Copy out the data word for word. The images are not part of the copy.

Source data ▸
■ ■ ■ ■ ■
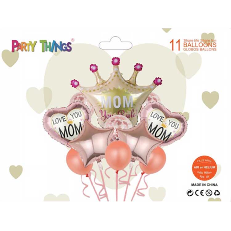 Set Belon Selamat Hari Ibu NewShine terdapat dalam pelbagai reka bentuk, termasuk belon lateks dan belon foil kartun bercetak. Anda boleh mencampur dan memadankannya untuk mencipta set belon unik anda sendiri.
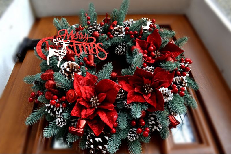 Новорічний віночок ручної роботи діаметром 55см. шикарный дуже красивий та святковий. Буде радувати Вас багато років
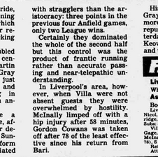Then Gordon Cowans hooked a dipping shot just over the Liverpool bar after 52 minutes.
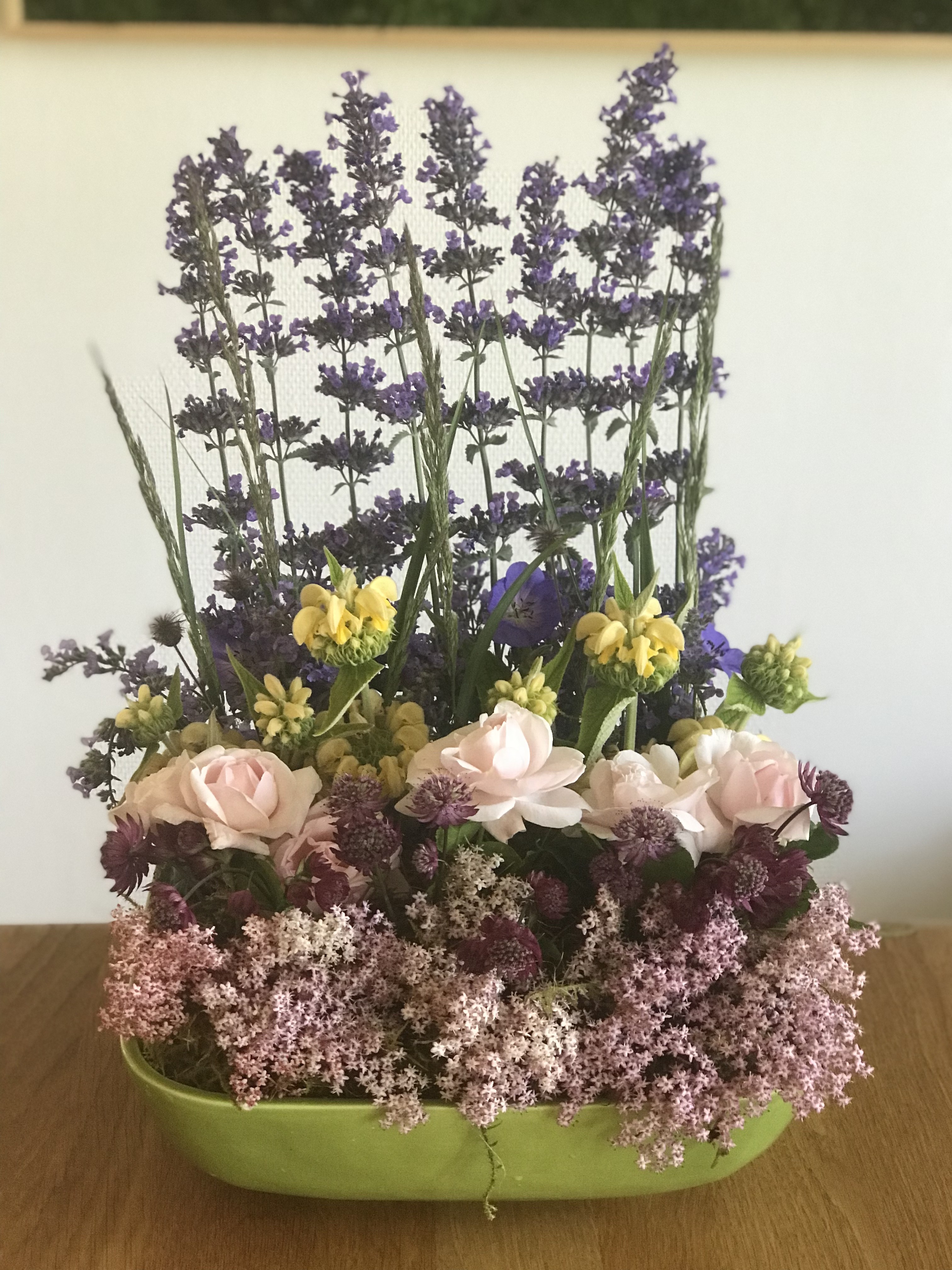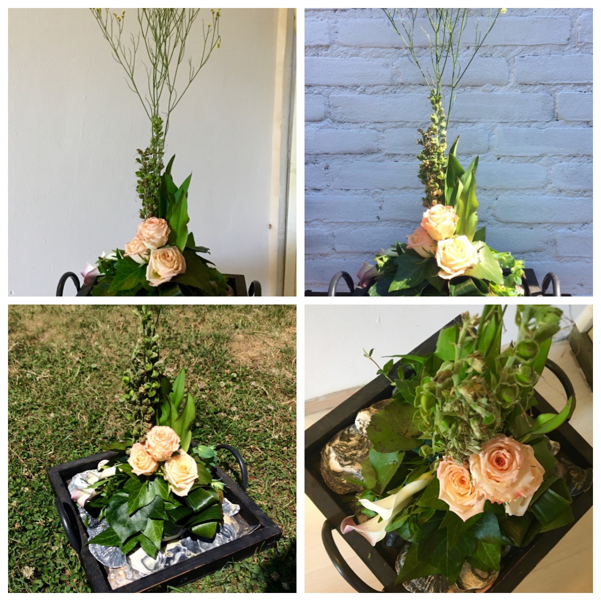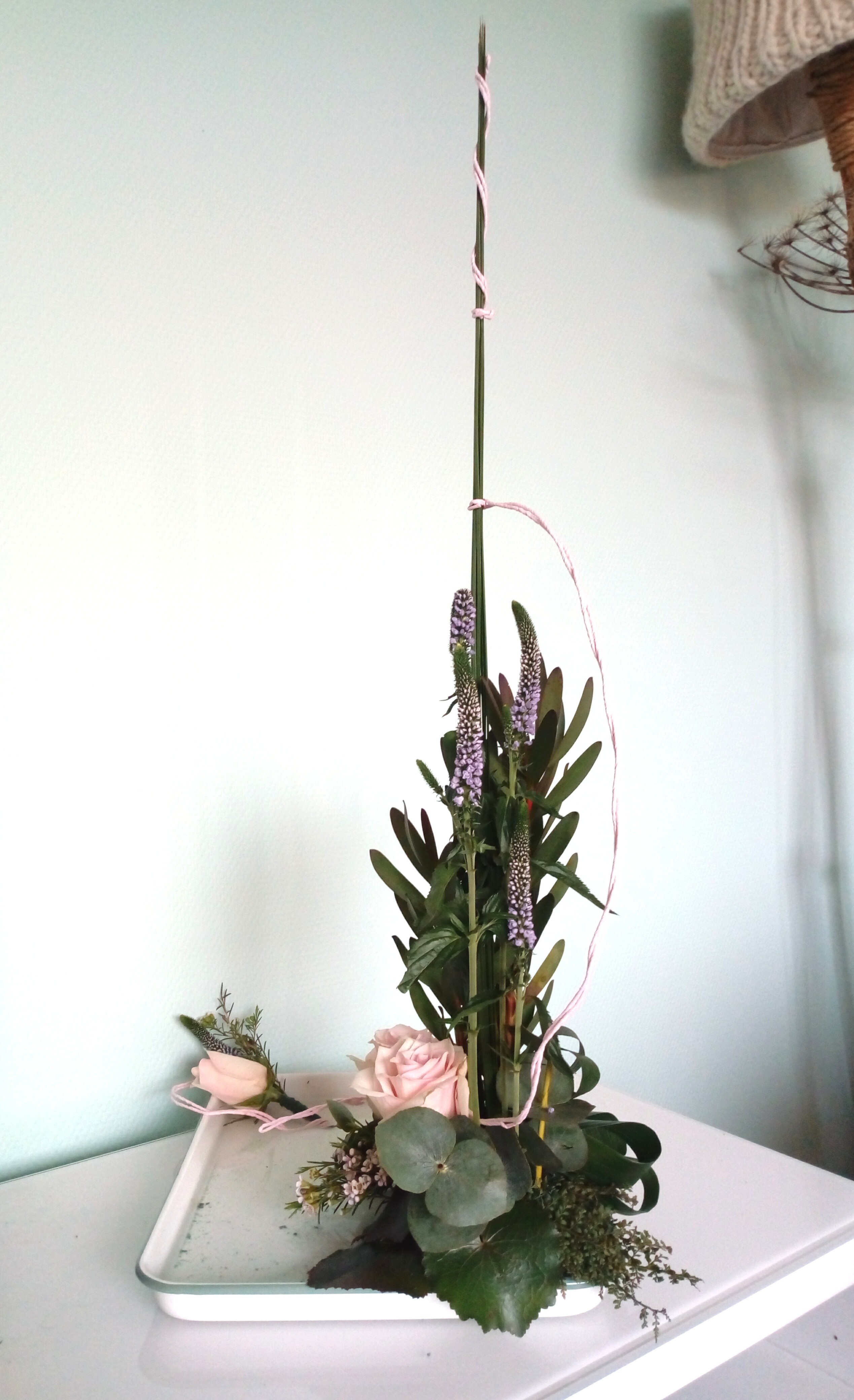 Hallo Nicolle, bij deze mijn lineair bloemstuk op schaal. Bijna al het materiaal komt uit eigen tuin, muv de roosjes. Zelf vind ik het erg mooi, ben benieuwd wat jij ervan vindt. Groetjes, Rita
■ ■ ■ ■ ■
Reply to the task ▸
 Set Belon Selamat Hari Ibu NewShine terdapat dalam pelbagai reka bentuk, termasuk belon lateks dan belon foil kartun bercetak. Anda boleh mencampur dan memadankannya untuk mencipta set belon unik anda sendiri.
 Новорічний віночок ручної роботи діаметром 55см. шикарный дуже красивий та святковий. Буде радувати Вас багато років
Then Gordon Cowans hooked a dipping shot just over the Liverpool bar after 52 minutes.
 Hallo Nicolle, bij deze mijn lineair bloemstuk op schaal. Bijna al het materiaal komt uit eigen tuin, muv de roosjes. Zelf vind ik het erg mooi, ben benieuwd wat jij ervan vindt. Groetjes, Rita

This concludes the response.